Granted, with the usage of Apache Commons Collections, this can be written as:

  if( CollectionUtils.isEmpty(users) ) {

However, this just makes the code easier to understand and write — but under the cover there is still the same test being operated. Rather than returning null in such cases, I always prefer to return instead an empty List — mostly because I structure my code such that if the list is empty, a for loop won’t get executed. So for instance I would prefer to re-write the displayUsers function above as follows:

...
public void displayUsers( String clientName ) {
  List users = getUsers( clientName );
  //if getUsers doesn't return any users then the for below doesn't execute and we don't display anything
  for( String user : users ) {
    ...
  }
}

This does mean however, that if getUsers returns null we end up with a nice NPE (NullPointerException). So ideally we want to ensure that getUsers never returns null. One way to do this is to ensure a fresh ArrayList instead of null:

...
...
public List getUsers(String clientName) { 
  int clientId; //retrieve the client id based on clientName - e.g. from database etc 
  ... 
  //we assume clientId should be zero or above 
  List users = new ArrayList(); 
  if( clientId > 0 ) { 
    //now append all the users to this list 
    ... 
  } 
  return users; 
} 
... 
//code calling the above function
public void displayUsers(String clientName) {
 List users = getUsers( clientName );
  //if getUsers doesn't return any users then the for below doesn't execute and we don't display anything
  for( String user : users ) {
    ...
  }
}

This however, means that for each call we could end up creating a new ArrayList just for the purpose of returning an empty List — which needless to say it’s not desireable in a high throughput system as this memory will be marked “ready for garbage collection” after the call to displayUsers. So ideally we want to avoid creating new List‘s every time getUsers. This can be done by declaring a static final constant and set it to an empty list:

...
private static final List EMPTY_LIST = new ArrayList();
...
public List getUsers(String clientName) { 
 int clientId; //retrieve the client id based on clientName - e.g. from database etc 
 ... 
 //we assume clientId should be zero or above 
 List users = EMPTY_LIST; 
 if( clientId > 0 ) { 
   users = new ArrayList();
   //now append all the users to this list 
   ... 
 } 
 return users; 
}

This seems to do it however, there’s still a big problem — while EMPTY_LIST is declared final, it means that no one can modify the reference, but it doesn’t mean we cannot modify the contents of it! So if the code that calls getUsers might occasionally modify the return value for whatever reasons, we can end up with the EMPTY_LIST instance no longer being empty (if some code adds String‘s to it!). One way to prevent this, is to use the Collections.unmodifiableList function in JDK which will ensure your EMPTY_LIST stays empty:

...
private static final List EMPTY_LIST = Collections.unmodifiableList( new ArrayList() );
...
public List getUsers(String clientName) { 
 int clientId; //retrieve the client id based on clientName - e.g. from database etc 
 ... 
 //we assume clientId should be zero or above 
 List users = EMPTY_LIST; 
 if( clientId > 0 ) { 
   users = new ArrayList();
   //now append all the users to this list 
   ... 
 } 
 return users; 
}

Not a big trick to be honest, but I found out it helps.

2 Responses to “Neat Trick for Returning an Empty List in Java”

  1. Dave Schumann

    This should be virtually as fast and looks much cleaner for returning an always-empty list:

    if (clientId <= 0) {
    return Arrays.asList()
    }

  2. Liv

    You are right, however, the List you are returning DOES allow for the caller to modify it — which was half the point I was trying to make.
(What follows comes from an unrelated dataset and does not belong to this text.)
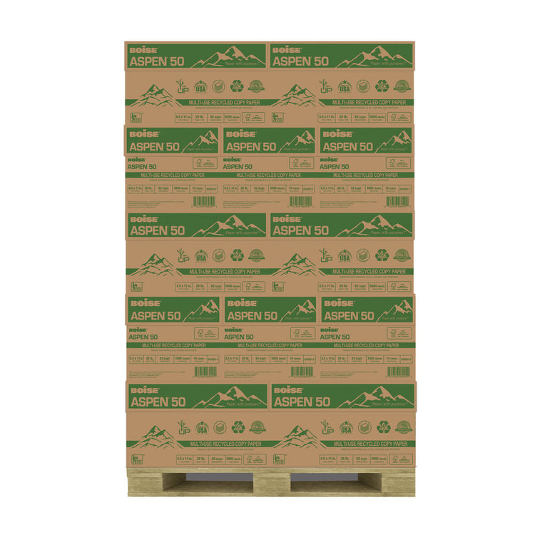 Boise ASPEN Multi-Use Printer & Copy Paper, White, Letter (8.5in x 11in), 200000 Sheets Per Pallet, 20 Lb, 92 Brightness, 50% Recycled, FSC Certified, Case Of 10 Reams

If you are returning an empty list just to signal there is nothing to return, then I’d stick to my approach, to ensure the client doesn’t modify it (and also share one single instance across all code, thus saving on memory and time to create these instances).
    If however, you need your caller to add/delete things from the list, your approach is quite likely the better one.
    Thank you for your comment though!